Any other information on results incl. tables

Results of micronucleus test with the substance after acute peritoneal treatment with 150 mg/kg bw


 Number of

evaluated PCE

 NCE/1000 PCE

Micronucelated cells

per 1000 NCE

 Micronucleated cells

per 1000 PCE

 negative control   10000

 1056 ± 386

 1,2 ± 1,2  1,3 ± 0,7
 test 16 hours   10000  2370 ± 258  1,2 ± 1,0  1,6 ± 1,6
 test 24 hours   10000  1537 ± 593  1,1 ± 0,8  2,0 ± 1,7
 test 48 hours   10000  1733 ± 1012  0,5 ± 0,7  1,6 ± 0,9
 positive control   10000  674 ± 232  0,4 ± 0,8  14,9 ± 9,8

Applicant's summary and conclusion

The test item did not cause the formation of micronuclei in mice in vivo.
Executive summary:


The test material was examined in mice in vivo for the formation of micronucleated erythrocytes.

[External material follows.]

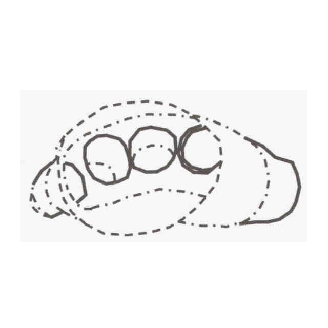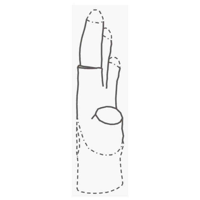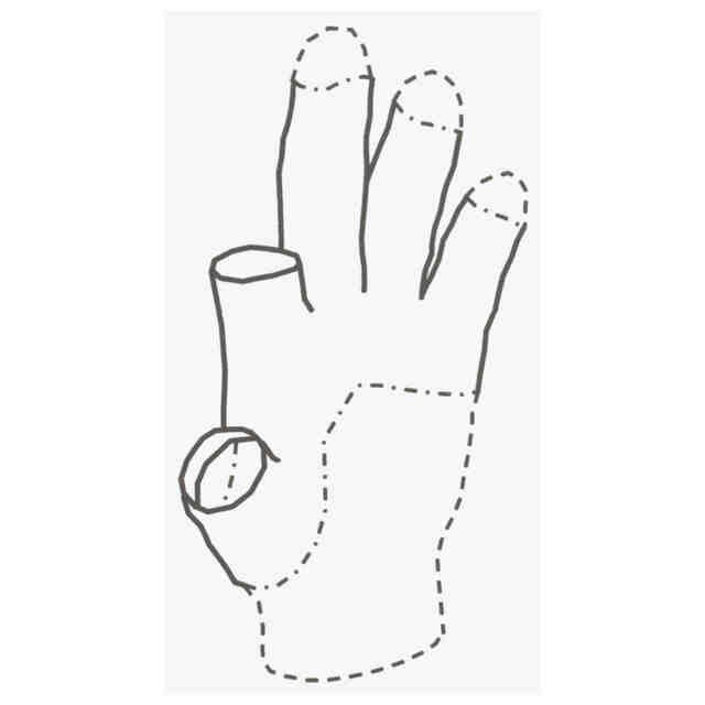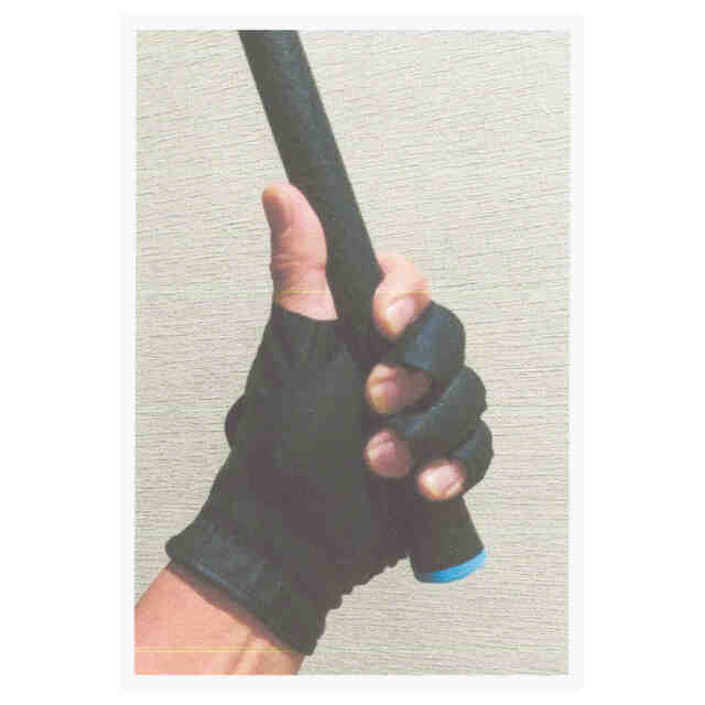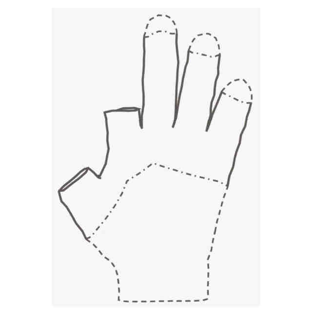 本物品は「使用状態参考図1」及び「使用状態参考図2」に示すように、右利きの人がゴルフクラブを握るときに特にグリップが必要な左手の小指、薬指、中指は指先の関節までが覆われていて、右手との一体感が必要な左手の人差し指と親指は指のつけ根の関節までだけが覆われていて指先までが覆われていないことを特長とするゴルフ用手袋である。

Male as well as female mice were treated by intraperitoneal injection with 150 mg/kg bw.

The dose range was 0 (vehicle), 100 to 500 mg/kg bw in a preliminary test and 150 mg/kg bw in the main study. Cyclophosphamide was used as a positive control. Cells were harvested 16, 24 and 40 hours after treatment.


Positive as well as negative controls gave the expected results.

Toxicity was noted at doses of 150 mg/kg bw and above.

No increases of micronucleated cells were observed. The test item is not considered clastogenic in this test.